WHICH came first – the chicken or the egg? No one’s quite sure but after this week’s broadside from Dorset’s Viscountess Dilhorne we all know what came next.

According to her, it was an overbearing bureaucrat from the Department of Environment, Food and Rural Affairs.

She says they sent a total of three different officials to variously put on spacesuits to inspect her hen-house, gave her a lesson in how to clean and weigh an egg, “poked around” her home for six hours and asked her what products she used to clean her kitchen.

Why? Because the Viscountess wanted to sell her surplus eggs in the Cerne Abbas village shop.

The story gets even more ridiculous when you learn that Viscountess Dilhorne’s day job is as a professor of microbiology and she generally goes by the name of Professor Susannah Eykyn.

“It seems remarkable that to sell a few eggs in the village store I have to be subjected to this nonsense,” she observed.

But health and safety gone mad isn’t confined to teaching a microbiology professor how to clean eggs. According to a national newspaper, Britain’s bobbies are about to get whacked with a 93-page document telling them how to ride a bike.

“The barmy booklets costing thousands of pounds were drawn up by the Association of Chief Police Officers” claimed the Sun.

Only ACPO says they weren’t. The police chiefs’ union said the guidance was “neither requested or drawn up by ACPO and we do not endorse it.” A spokesman for Dorset police said they wouldn’t be introducing the guide because of this.

The fact this story spread across Britain like wildfire shows how willing we are to believe any health and safety gone mad tale.

Only last month, keen Blandford recyclers David and Katie France were ordered to return home from their local recycling centre, to which they’d walked on foot, and return by car. The reason?

“Health and safety,” said David. “I can only assume we might have got run over by a car had we entered the tip on foot.”

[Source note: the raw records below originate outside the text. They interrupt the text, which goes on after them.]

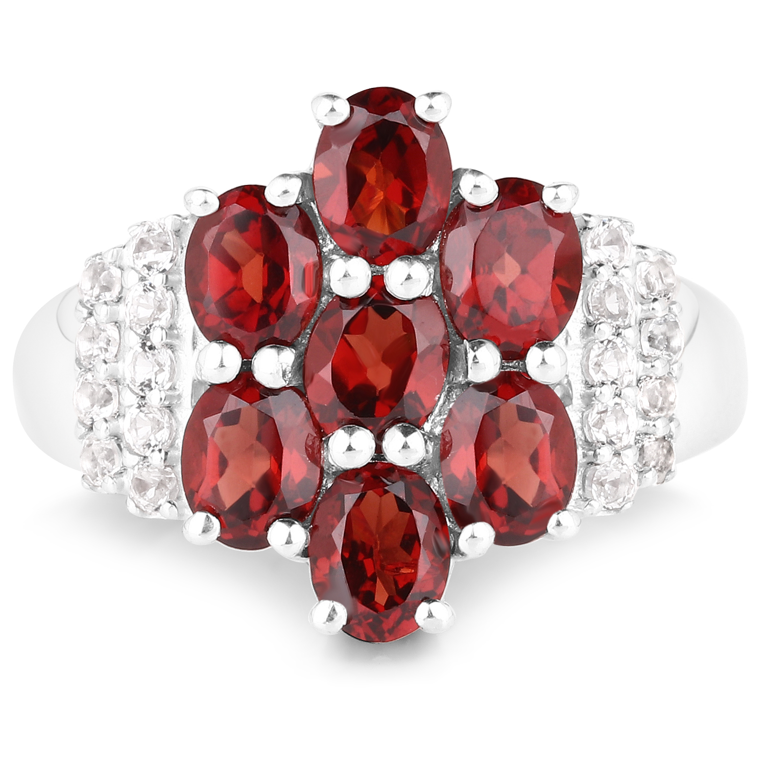 On each side, rows of white topaz add contrast and brightness. Their smaller size and neutral tone frame the garnet cluster, introducing additional sparkle while keeping the focus on the center stones.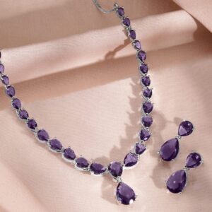 Rhodium-Plated Purple Sapphire & Cubic Zirconia Studded Premium Necklace Set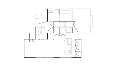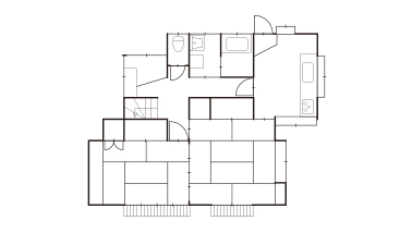 和室2間を一体化してLDKに変更し、対面式キッチンに。家事をしながら家族とコミュニケーションが取れるようにレイアウトしました。出窓のサイズを小さくしてキッチン背面の収納スペースに活用。冷蔵庫はキッチンとダイニングの双方から取り出しやすい位置に配置しました。既存の床の間と押入れは、開き扉の収納に造り替えています。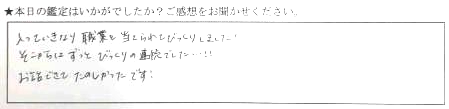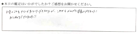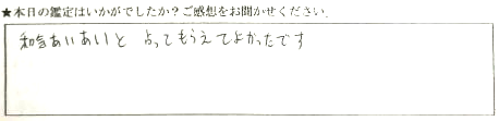 当日の突然予約でしたが、スムーズに対応していただきありがとうございました。楽しくお話しながら鑑定していただき、ウジウジ悩んでいることの道筋示していただき、スッキリしました。とても充実した時間でした。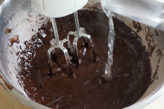 - We koken water en gieten het onmiddellijk in het deeg, roeren, dus de bloem begint te brouwen.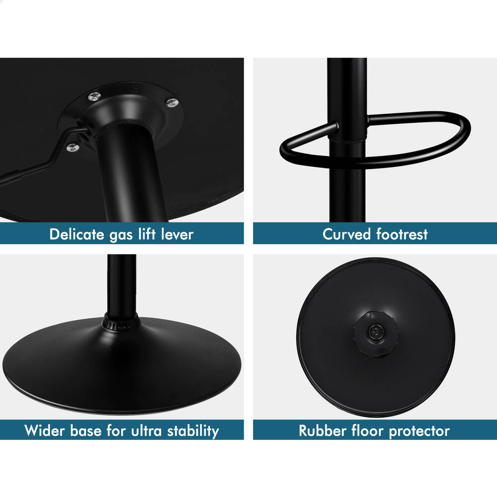 As always, we have no compromise on materials used. Diameter of the base is increased, resulting in larger supporting area, so the seat becomes more secure and stable with long-lasting durability. Better still, the black powder coated chrome base and footrest complement the stool's modern design. A rubber floor protector ring, embedded in the case, reduces noise and protects your floor by sliding smoothly when you need to move the stool.

Dorset County Council verified the story, claiming the tip didn’t have a “pedestrian access point’. “If residents walk with waste from their home they will be allowed access on foot but will be advised against it on safety grounds,” a spokesman intoned.

In Devon last week, Ilfracombe Rugby Club held its “virtual bonfire” – a blaze on a giant screen, accompanied by crackling effects and giant heaters to warm those who thronged to the evening.

This was billed as a health and safety issue but according to club president Paul Crabb: “We all sat round discussing the pros and cons of a bonfire, the idea of a virtual fire was thrown in and everyone thought it was a great idea.”

Virtual bonfires, clowns barred from wearing comedy shoes, children forced to wear goggles to play conkers or a pensioner told he can only place one bouquet at a time on his late wife’s grave “in case gardeners tripped over them” – there’s a never-ending stream of health-and-safety-gone-mad stories. And no one is madder about these stories than the Health and Safety Executive itself, which feels unfairly blamed. On its website there’s a Myth of the Month where an attempt is made to countermand stories which give newspapers such excellent front pages but, it seems, with little positive effect. So why are we so willing to believe these stories are true?

A spokesman for the HSE said, she couldn’t say. “I can’t tell you why people are willing to believe stories that are not true,” she said. “We try and put the case across that we’re responsible for health and safety at work, we’re not responsible for people’s own health and safety, where they’re going about their business.”

She says the executive promotes a “common sense approach” and that “we have loads of information on our website about health and safety and risk assessment, so people can take a common sense approach”.

She explained the virtual bonfire had been blamed on the HSE but added: “There’s no health and safety regulation which says you can’t have a bonfire.”

Is it the fault of insurance companies, then?

“I can’t comment on insurance premiums because it’s inappropriate for a public body to do that. Sometimes we get blamed but when you look at the story it’s the fear of compensation – even though the compensation culture itself can be a bit of a myth.”

She also pointed out the Association of British Insurers had signed up to the HSE’s common sense crusade.

So is it annoying for the HSE to be blamed when things go mad?

“I don’t think annoying is the right word but it does detract from the real issue – that 180 people died at work last year and thousands have been injured.”

Back with Viscountess Dilhiorne’s eggs, a Defra spokesman said: “Whether you’re supplying half-a-dozen to a local shop or thousands to a supermarket, food safety is important to people buying them. They have a right to know where their food comes from, that it’s safe and if they become ill after eating it, the food can be traced back.”